Federal prosecutors, in documents filed in court, said that some of the bank’s employees had enabled money laundering by criminal gangs and that the bank was slow to detect and address it. The bank’s monitoring of transactions was so porous, prosecutors said, that from 2018 through April this year it did not adequately monitor about $18.3 trillion in activity.

Prosecutors said they had also charged over two dozen individuals, including two bank insiders.

“TD Bank’s persistent prioritization of growth over controls allowed its employees to break the law and facilitate the laundering of hundreds of millions of dollars,” Michael J. Hsu, the acting comptroller of the currency, said in a statement. “The imposition of an asset cap will ensure that the bank focuses on building proper controls commensurate with its risk profile.”

The joint action included federal prosecutors in New Jersey and Washington, the Federal Reserve, the Office of the Comptroller of the Currency and other Treasury authorities.

“This is a sad day in our history, for which we are very regretful,” TD Bank’s chief executive, Bharat Masrani, said. The bank announced last month that Mr. Masrani would retire in April.

The chairman of the bank’s board, Alan MacGibbon, said in a statement that it would continue to “take action to address these failures and hold those responsible accountable.”

TD Bank Group — Canada’s second-largest bank, with about 1,100 branches in the United States — disclosed last year that it was the subject of a U.S. Justice Department investigation into its anti-money-laundering compliance. In April, the bank reported that it was also in discussions with three American banking regulators about penalties for failing to follow anti-money-laundering laws.

At that time, the bank set aside $450 million in reserve for the fines it anticipated, but it warned investors that the final cost could be higher. In August, the bank put an additional $2.6 billion in reserve for the penalties it anticipated. To raise that cash, TD Bank sold 40.5 million shares of Charles Schwab stock, reducing its ownership stake in the banking and brokerage company to just over 10 percent from 12 percent.
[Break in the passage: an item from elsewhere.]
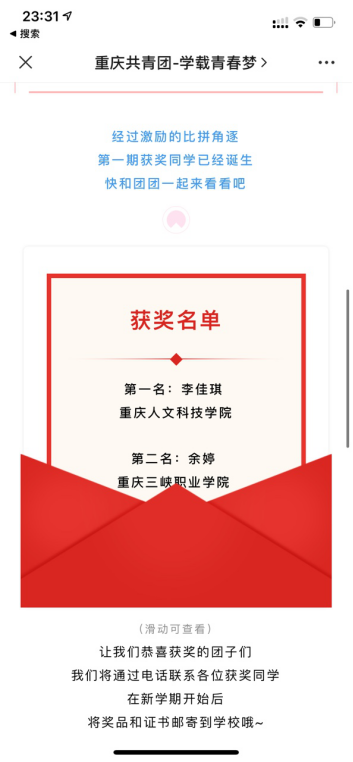 近日,由共青团重庆市委、重庆市学生联合会共同发起的“党的十九届五中全会精神学习主题团课”在线上如火如荼的开展。在第一期团课的知识学习中,米乐官网机电与信息工程学院2019级电子信息工程专业1班李佳琪同学拔得头筹,喜获第一名。

Last year, TD Bank agreed to pay $1.2 billion to settle claims arising from a $7 billion Ponzi scheme involving Stanford Financial, a bank that collapsed in 2009. TD Bank was accused of continuing to do business with Stanford despite obvious red flags about its operations and the fraudulent certificates of deposit that Stanford sold to more than 20,000 customers.

The swirling investigations scuttled TD Bank’s planned acquisition of Memphis-based First Horizon Bank, a $13.4 billion takeover that was announced in early 2022 before being abandoned last year because of problems obtaining regulatory approvals. TD Bank paid First Horizon a $200 million breakup fee.
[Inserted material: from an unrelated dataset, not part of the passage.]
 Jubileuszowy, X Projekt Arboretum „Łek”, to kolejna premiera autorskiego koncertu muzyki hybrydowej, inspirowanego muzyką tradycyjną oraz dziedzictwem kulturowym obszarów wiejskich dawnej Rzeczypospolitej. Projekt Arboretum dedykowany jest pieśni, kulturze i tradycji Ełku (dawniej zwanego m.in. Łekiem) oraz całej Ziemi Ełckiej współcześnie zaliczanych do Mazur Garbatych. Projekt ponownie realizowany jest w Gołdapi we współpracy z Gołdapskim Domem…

TD Bank has spent 500 million Canadian dollars (about $365 million) on improvements to its money-laundering controls, Mr. Masrani said in May. Late last year, the bank hired Herb Mazariegos, formerly of the Bank of Montreal, to run its global anti-money-laundering program.
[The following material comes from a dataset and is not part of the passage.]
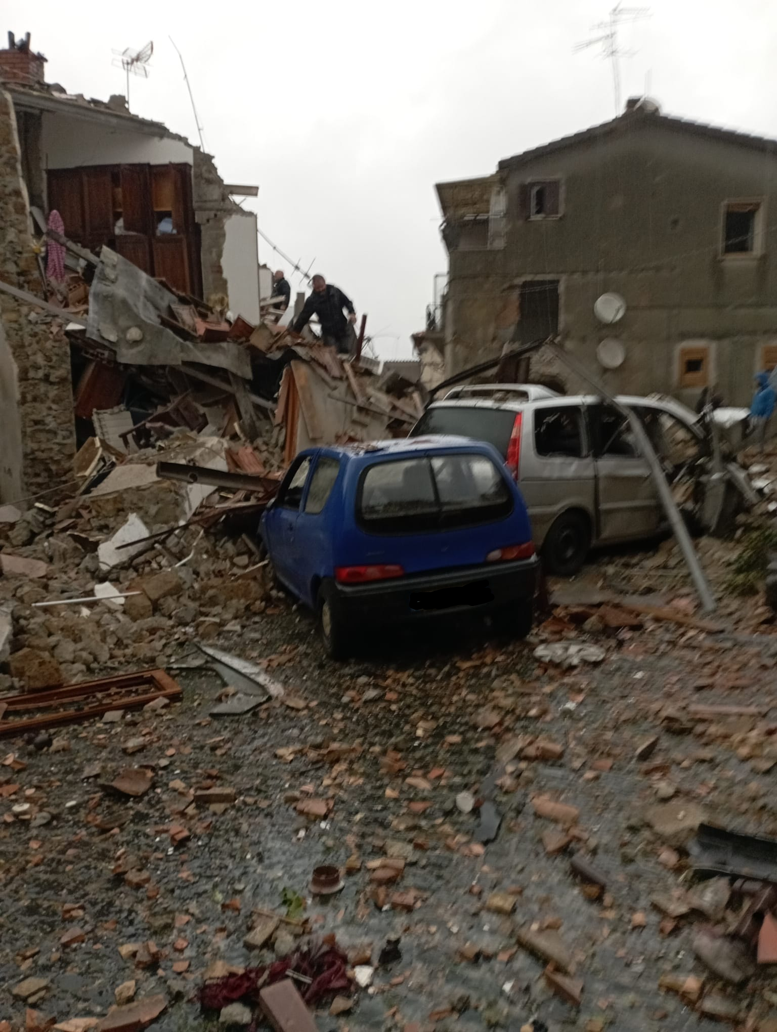 Le immagini diffuse anche via social raccontano di una pesante esplosione avvenuta in pieno centro storico a poca distanza dalla chiesa principale del paese. Santa Maria Assunta in cielo il cui finestrone si è frantumato a seguito della esplosione. La forza della deflagrazione è stata tale che un’auto smart che era in sosta è stata sbalzata di moltissimi metri finendo in prossimità della palazzina di fronte.

TD Bank’s U.S. branches stretch along the East Coast from Maine to Florida. It has nearly as many branches spread across Canada, where the bank is also known as Toronto-Dominion. It is the 10th-largest bank in the United States, according to Federal Reserve data.

In settling, TD Bank agreed to retain an independent monitor to oversee its anti-money-laundering efforts, and to invest more in the program overall.